- _About this task_
From the records that follow, return exactly the lines beginning at the one that contains "#架空艦 #イラスト #Trutzgrad_AR" and ending at the one that contains "Na nedeljskih slovenskih", pictures left out.

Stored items
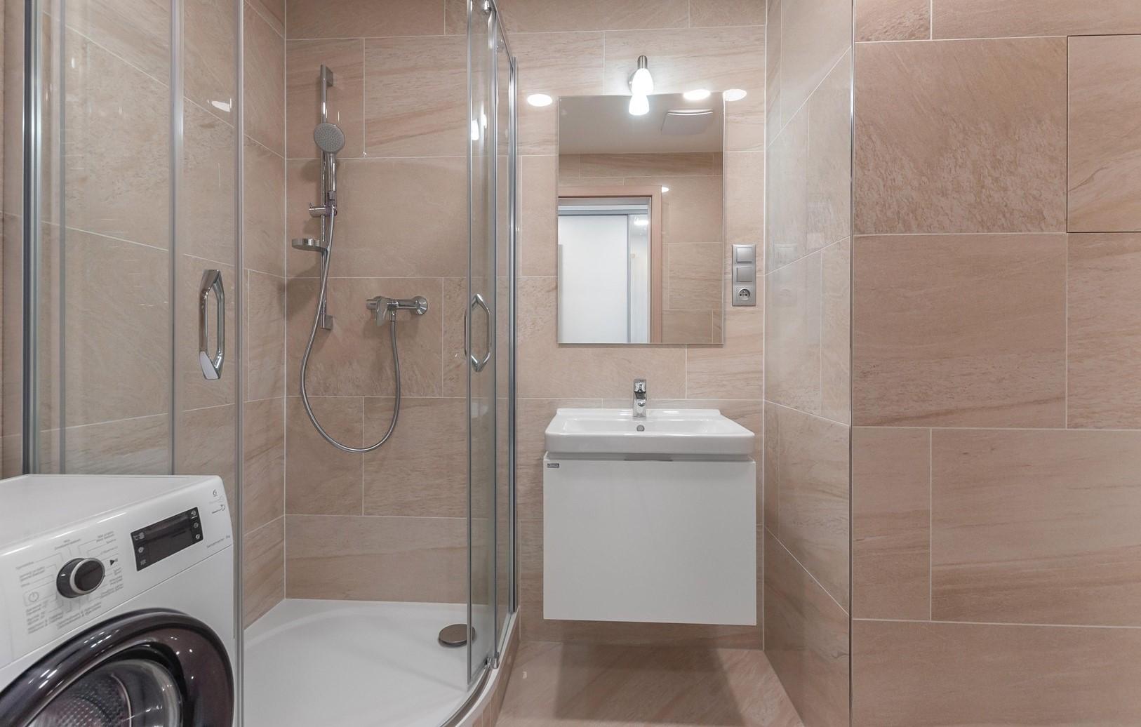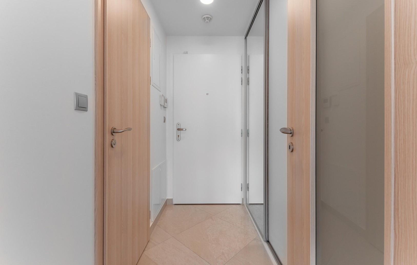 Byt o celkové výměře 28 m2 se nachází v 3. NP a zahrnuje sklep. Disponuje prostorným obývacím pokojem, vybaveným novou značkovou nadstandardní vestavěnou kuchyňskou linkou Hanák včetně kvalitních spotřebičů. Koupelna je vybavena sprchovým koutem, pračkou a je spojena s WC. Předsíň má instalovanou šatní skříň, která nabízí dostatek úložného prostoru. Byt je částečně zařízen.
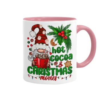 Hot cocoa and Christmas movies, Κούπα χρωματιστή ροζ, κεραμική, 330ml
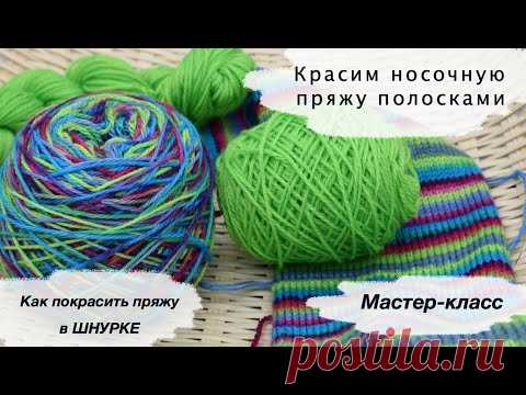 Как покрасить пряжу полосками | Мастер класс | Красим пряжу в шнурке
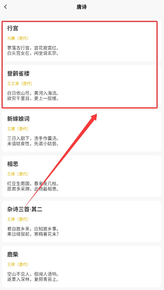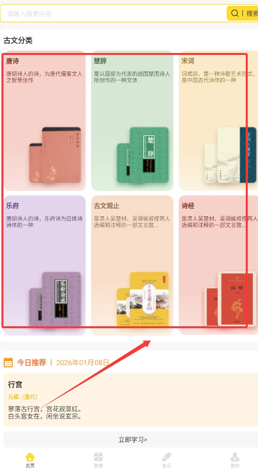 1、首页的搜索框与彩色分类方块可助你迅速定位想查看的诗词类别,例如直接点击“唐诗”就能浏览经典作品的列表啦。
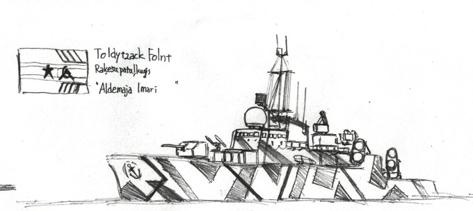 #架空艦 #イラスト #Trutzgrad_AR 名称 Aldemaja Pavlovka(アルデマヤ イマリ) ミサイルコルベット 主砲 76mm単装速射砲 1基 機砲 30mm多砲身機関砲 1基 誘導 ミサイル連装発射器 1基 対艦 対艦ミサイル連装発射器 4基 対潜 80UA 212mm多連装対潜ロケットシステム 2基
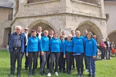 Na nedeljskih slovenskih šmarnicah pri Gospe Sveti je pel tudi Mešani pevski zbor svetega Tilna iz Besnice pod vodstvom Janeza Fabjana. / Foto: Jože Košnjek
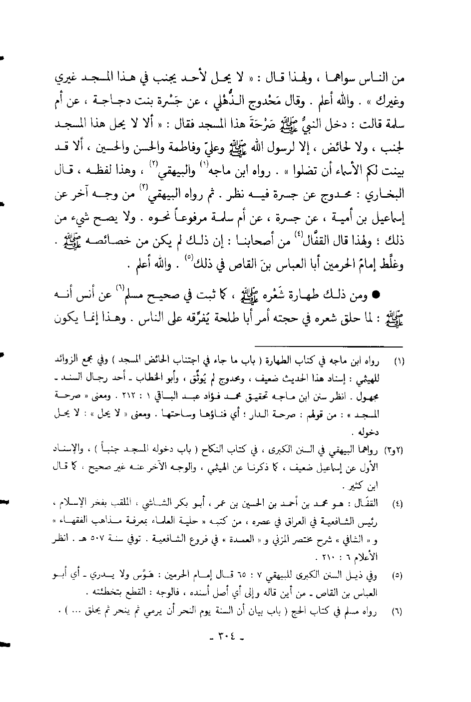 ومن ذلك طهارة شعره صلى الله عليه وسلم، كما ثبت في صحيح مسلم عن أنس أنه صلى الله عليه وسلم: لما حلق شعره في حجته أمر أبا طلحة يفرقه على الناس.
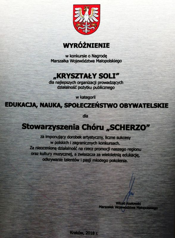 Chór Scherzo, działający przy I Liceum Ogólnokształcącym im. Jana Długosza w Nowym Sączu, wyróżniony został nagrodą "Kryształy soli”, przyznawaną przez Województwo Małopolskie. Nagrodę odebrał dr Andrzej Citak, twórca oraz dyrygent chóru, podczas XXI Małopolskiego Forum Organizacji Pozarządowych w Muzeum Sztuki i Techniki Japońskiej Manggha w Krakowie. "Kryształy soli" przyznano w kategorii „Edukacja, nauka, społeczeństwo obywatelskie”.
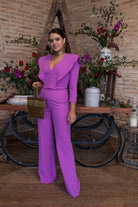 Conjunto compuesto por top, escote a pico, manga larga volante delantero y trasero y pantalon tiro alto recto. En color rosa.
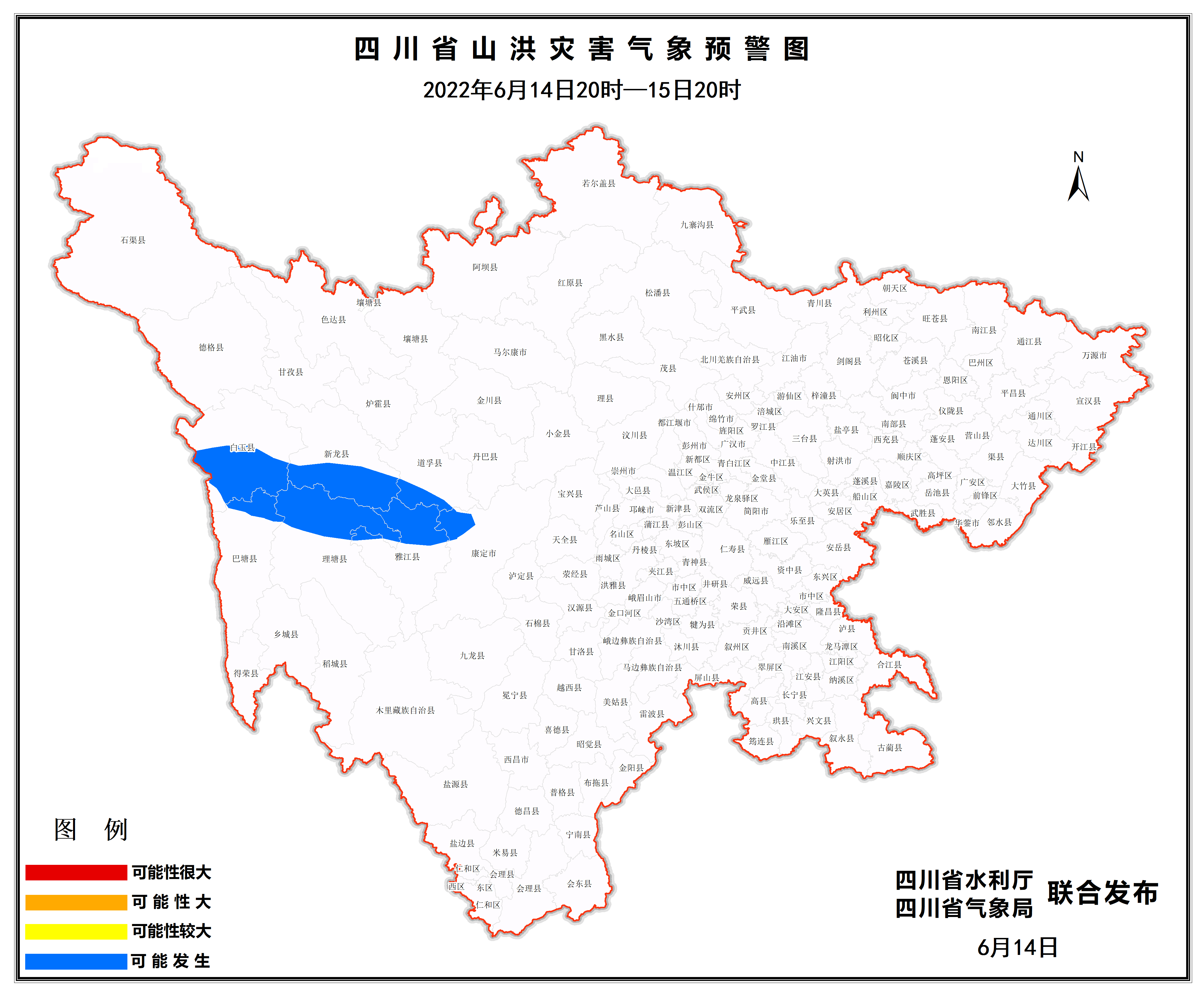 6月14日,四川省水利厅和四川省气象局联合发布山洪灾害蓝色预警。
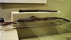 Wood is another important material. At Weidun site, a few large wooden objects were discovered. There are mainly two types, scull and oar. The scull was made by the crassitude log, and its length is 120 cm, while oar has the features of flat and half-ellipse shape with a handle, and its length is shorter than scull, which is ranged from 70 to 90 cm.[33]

- _Response area_
 #架空艦 #イラスト #Trutzgrad_AR 名称 Aldemaja Pavlovka(アルデマヤ イマリ) ミサイルコルベット 主砲 76mm単装速射砲 1基 機砲 30mm多砲身機関砲 1基 誘導 ミサイル連装発射器 1基 対艦 対艦ミサイル連装発射器 4基 対潜 80UA 212mm多連装対潜ロケットシステム 2基
 Na nedeljskih slovenskih šmarnicah pri Gospe Sveti je pel tudi Mešani pevski zbor svetega Tilna iz Besnice pod vodstvom Janeza Fabjana. / Foto: Jože Košnjek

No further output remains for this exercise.